Comment From: sonali-kumari1
Hi @ILCSFNO -
Thanks for pointing this out. I tested you code with latest version of keras(3.11.3) and confirmed that memory usage for hard_sigmoid is slightly higher than that of sigmoid.

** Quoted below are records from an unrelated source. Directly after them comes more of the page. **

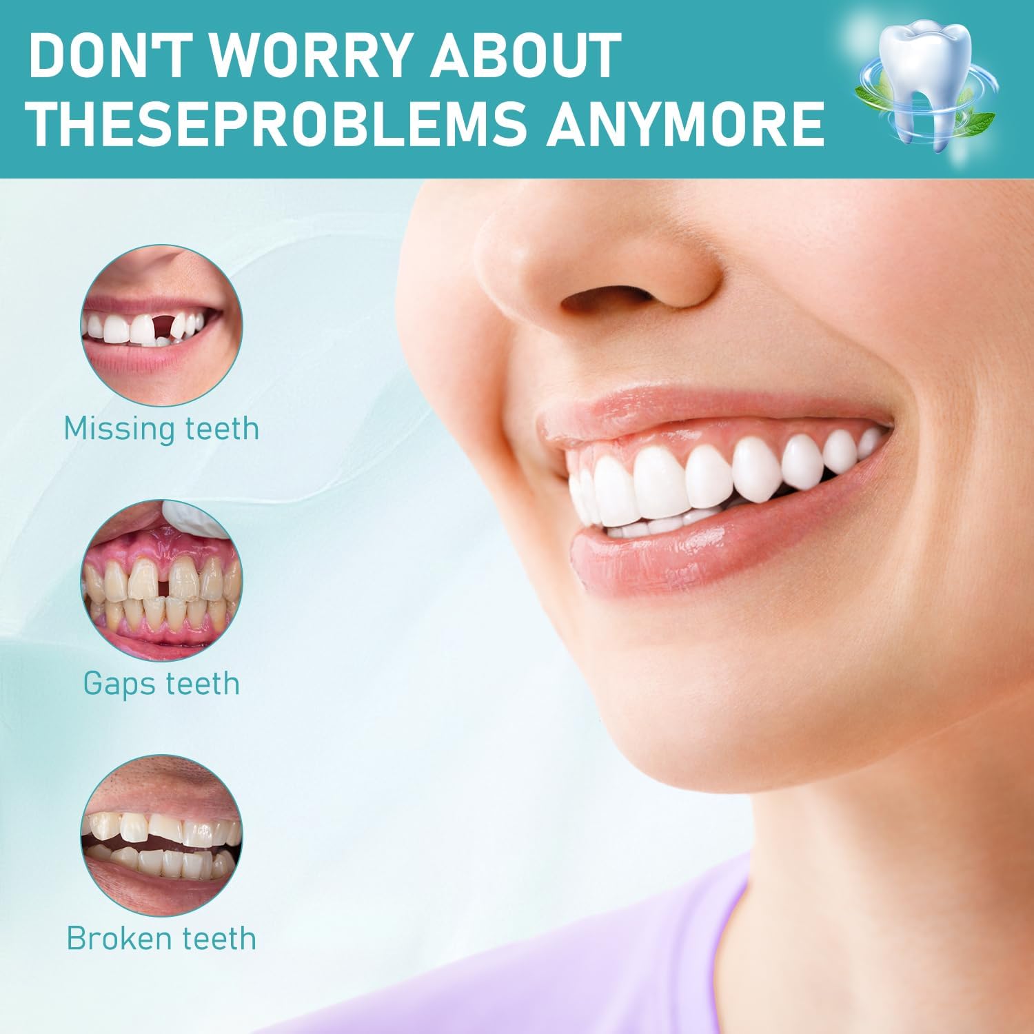 - 【High-quality materials】The kit is made of high-quality resin and silicone materials for long-term use, ensuring long-lasting durability, making it tight and comfortable, and feeling like a real part of your mouth
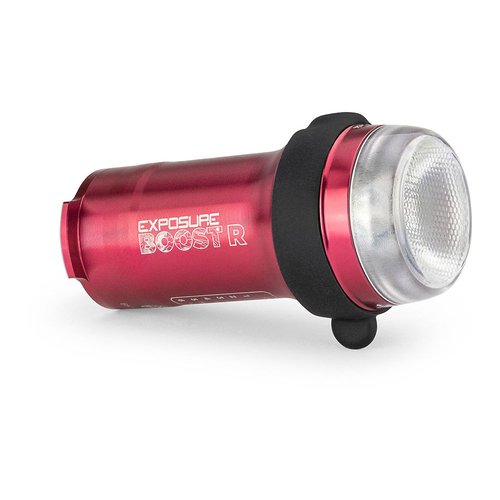 Exposure BoostR Rear Light with DayBrightThe Boost R, taking the massively prevalent form of the Trace R and designing a rear light with twice the burn times with just a 10-gram increase in weight. This rear end guardian comes with a high-capacity Lithium-Ion battery it produces both a powerful output and long burn times. Featuring DayBright pulse pattern to cut through the distractions of busy roads. With long burn times, the Boost R is the perfect partner for your weekly commute or packing adventure, both day and night.Features: Material: Anodised 6063 Aluminium LEDs: 1 x Red XPE-R IP Rating: IP65 Max Lumens: 80 Battery: 1400 mAh Li-Ion Runtime: 6 - 48 Hours Charge Time: 3 Burntime: Min 6 hours; Max 48 hrs (FL) Battery Capacity: 3500 mAh Li-ion Dimensions (mm): Length: 66: Head: 28; Back: 22 In The Box: Boost-R Daybright, Seatpost Mount, Micro USB Charge Cable, QS Guide Weight: 45gTechnologies: OMS: Various programs in the lights can easily be selected to offer a choice of run times and modes so you can find the right one for your ride, be it an all-night adventure or an intense blast. ITM: Patented circuitry within the light will reduce power to the LEDs, if they go beyond the optimum temperature, keeping the light as efficient as possible to maximise output and battery capacity. Once the light has cooled, the power is automatically restored. Fuel Gauge: Using a traffic light system remaining runtime is easily monitored at a glance so you're not caught out. The colour feedback is also used for mode selection, before defaulting back to runtime. Day Bright: Bespoke pulse pattern designed for daylight use which is more conspicuous than a regular pulse and visible over a kilometre away, even in the brightest conditions. DayBright mode will you noticed. Be Seen be Safe.Manufacturer's Part Number: EXPBOOSTRDBBuy Exposure Bike Accessories from Chain Reaction Cycles, the World's Largest Online Bike Store.
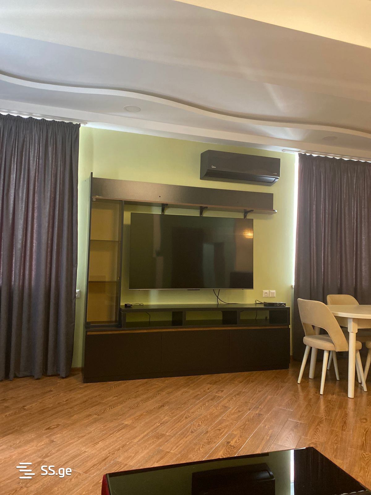 For rent in Bagebi on the Tsqneti highway, a renovated uninhabited two-room apartment of 80 sq.m. with furniture. Equipped with appliances. Central heating. Price 700 dollars.
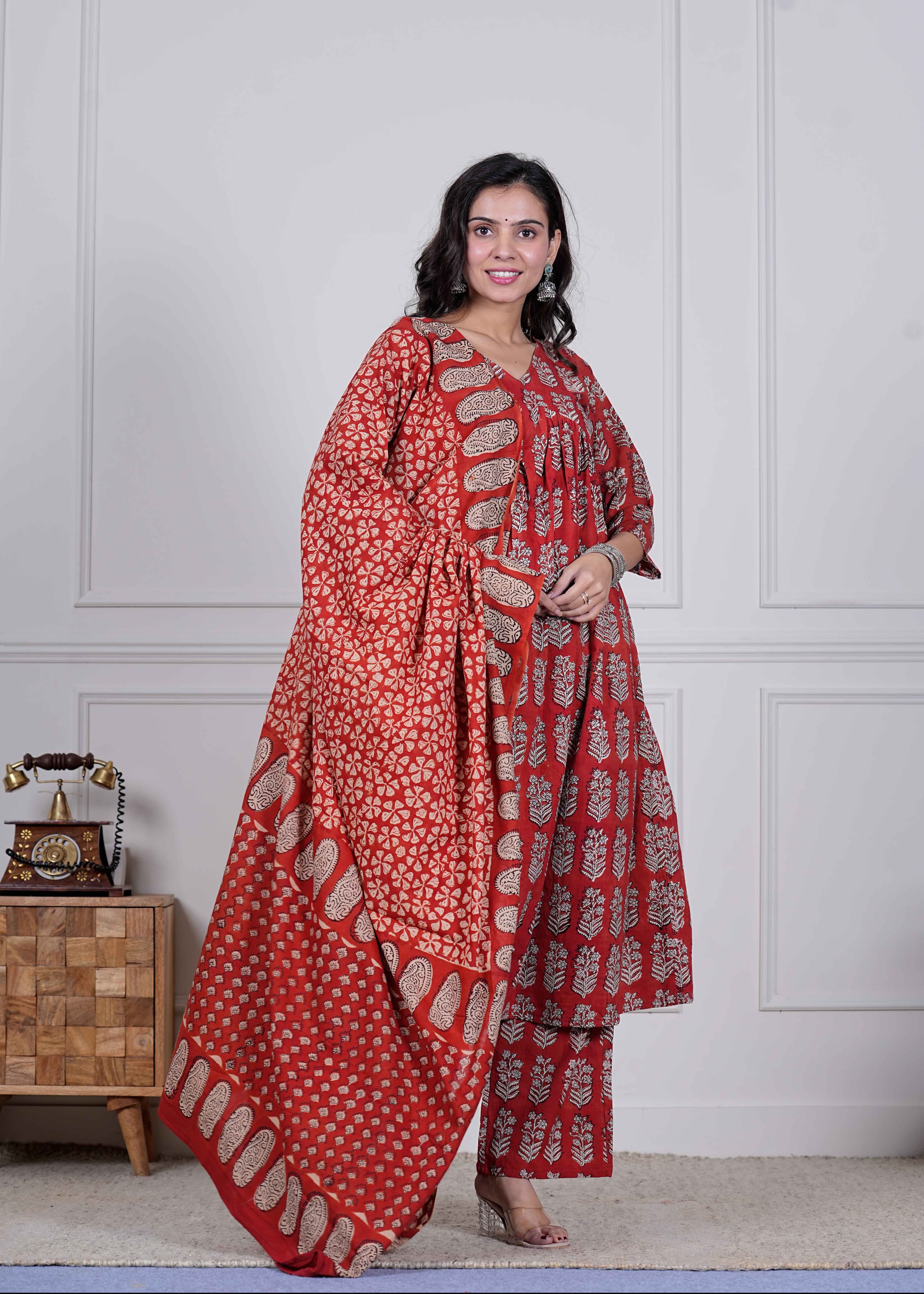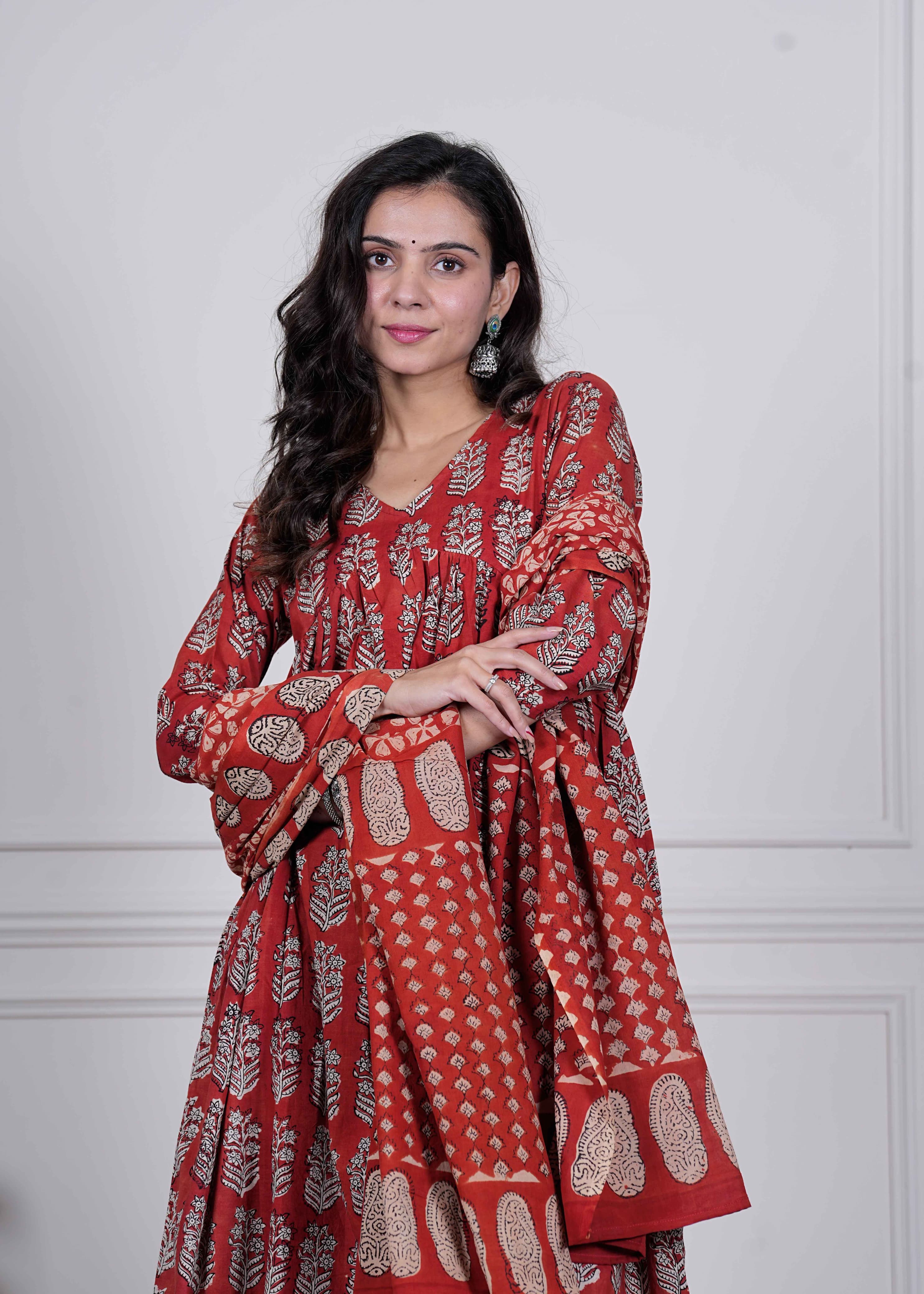 Wrap yourself in earthy elegance with Tamarind Taal, a handcrafted ensemble rooted in tradition. This 3-piece set features a rust red base adorned with beige floral hand block prints, offering a timeless aesthetic that’s both bold and graceful. The gathered A-line kurta, straight-fit pants, and a statement cotton dupatta with intricate border and motif detailing together create a look that speaks of festive ease and cultural richness.
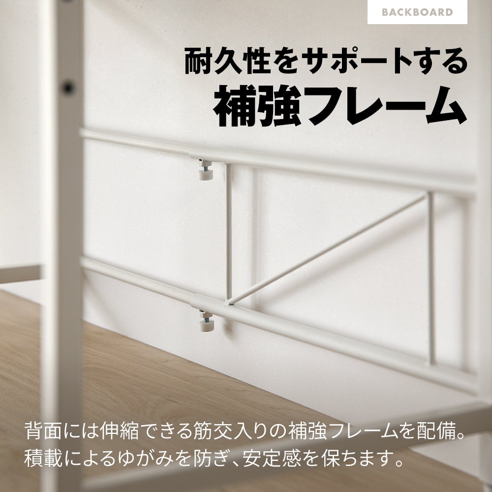 可動棚2枚と棚の可動位置8段階でレイアウト自在
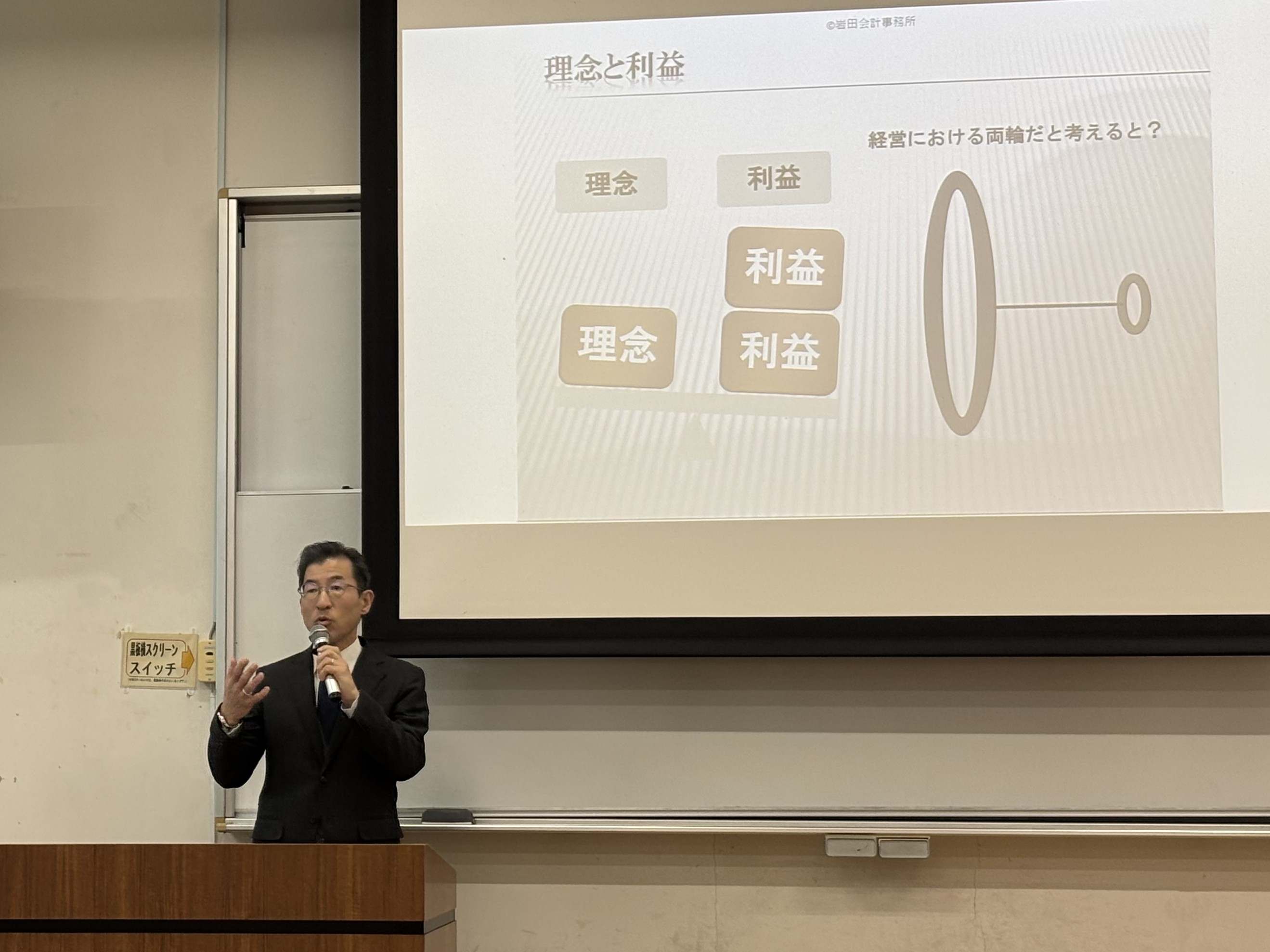 2026年1月22日(木)の「会計学」の講義(1年次後学期授業、担当教員:篠田朝也教授)において、社会システム経営学環と包括連携協定を結んでいる岩田会計事務所の岩田英人税理士をお招きして、ご講演いただきました。
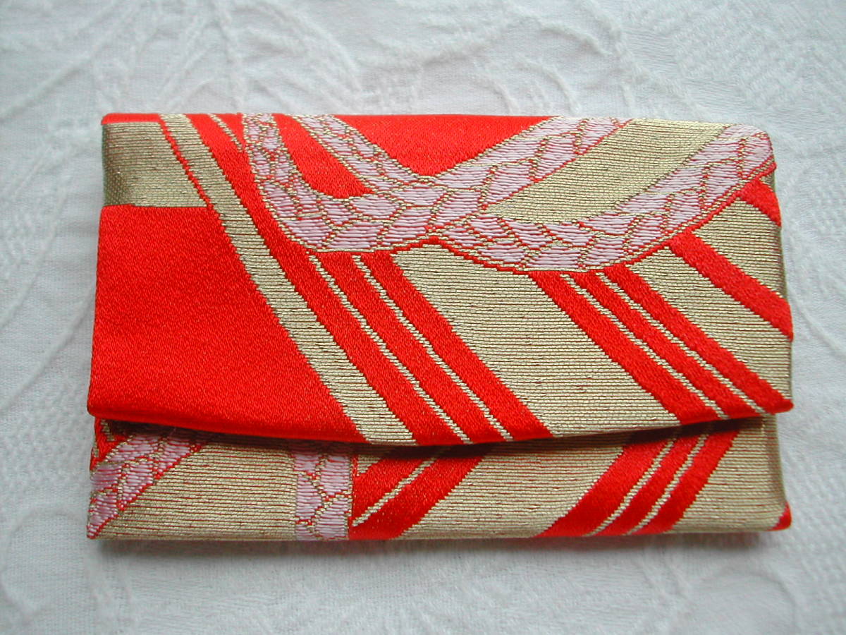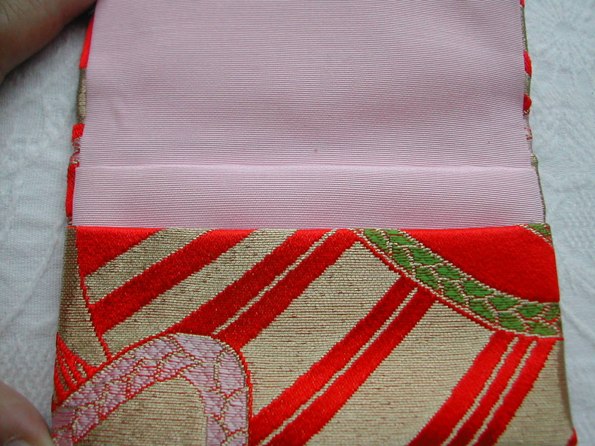 手作り 金襴カードケース名刺入れ保険証入れ (赤地に金とピンク)
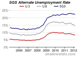 Compare the 'official' red line % of unemployment to the second graph from SGS (Shadow Government Statistics) showing actual unemployment % ......which is WORSE than the Great Depression from the first graph.
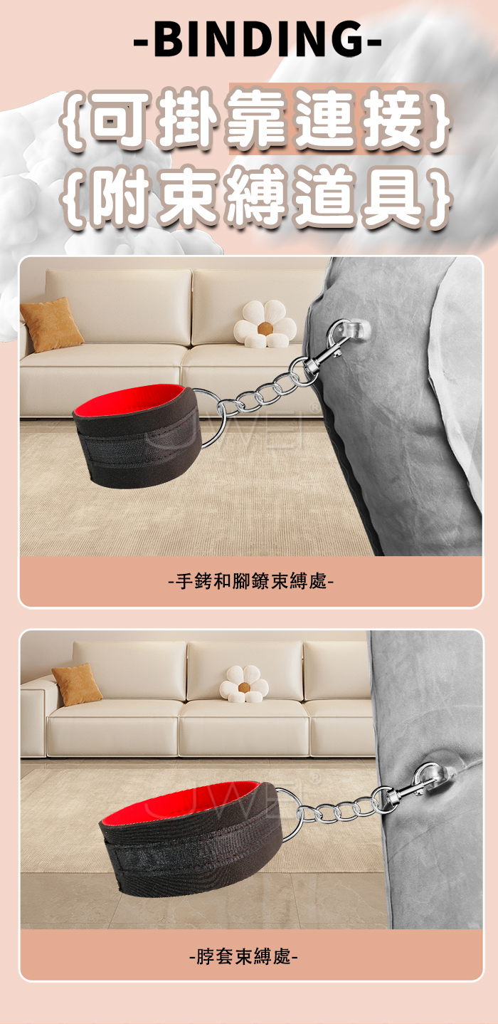 束縛氣墊床.束縛手/腳/脖銬+灰色輕柔植絨彈力性愛床墊【附贈電動打氣泵】

To understand this difference, I printed the computational graph of both activations:
sigmoid function:
['Placeholder', 'Const', 'Const', 'Const', 'Fill', 'Const', 'Const', 'Fill', 'Const', 'Const', 'Const', 'StridedSlice',
'Const', 'Transpose', 'Const', 'Const', 'TensorListReserve', 'Const', 'TensorListFromTensor', 'Const', 'Const',
'Const', 'StridedSlice', 'Placeholder', 'ReadVariableOp', 'MatMul', 'Placeholder', 'ReadVariableOp', 'MatMul',
'AddV2', 'Placeholder', 'ReadVariableOp', 'AddV2', 'Const', 'Split', 'Sigmoid', 'Sigmoid', 'Mul', 'Tanh', 'Mul', '
AddV2', 'Sigmoid', 'Tanh', 'Mul', 'Const', 'Const', 'TensorListReserve', 'Const', 'Const', 'Const', 'Const',
'Const', 'Range', 'Const', 'Max', 'Const', 'While', 'Const', 'TensorListStack', 'Const', 'Const', 'Const', '
StridedSlice', 'Const', 'Transpose', 'Identity', 'NoOp']
hard_sigmoid function:
['Placeholder', 'Const', 'Const', 'Const', 'Fill', 'Const', 'Const', 'Fill', 'Const', 'Const', 'Const', 'StridedSlice',
'Const', 'Transpose', 'Const', 'Const', 'TensorListReserve', 'Const', 'TensorListFromTensor', 'Const', 'Const',
'Const', 'StridedSlice', 'Placeholder', 'ReadVariableOp', 'MatMul', 'Placeholder', 'ReadVariableOp', 'MatMul',
'AddV2', 'Placeholder', 'ReadVariableOp', 'AddV2', 'Const', 'Split', 'Const', 'AddV2', 'Relu6', 'Const', 'RealDiv',
'Const', 'AddV2', 'Relu6', 'Const', 'RealDiv', 'Mul', 'Tanh', 'Mul', 'AddV2', 'Const', 'AddV2', 'Relu6', 'Const',
'RealDiv', 'Tanh', 'Mul', 'Const', 'Const', 'TensorListReserve', 'Const', 'Const', 'Const', 'Const', 'Const', 'Range',
'Const', 'Max', 'Const', 'While', 'Const', 'TensorListStack', 'Const', 'Const', 'Const', 'StridedSlice', 'Const',
'Transpose', 'Identity', 'NoOp']
The difference here is sigmoid uses direct sigmoid operation but hard_sigmoid uses multiple ops like Relu6, RealDiv for piecewise linear approximation of the sigmoid activation. This likely expands the computational graph for hard_sigmoid function, leading to more intermediate tensors and slightly high memory usage.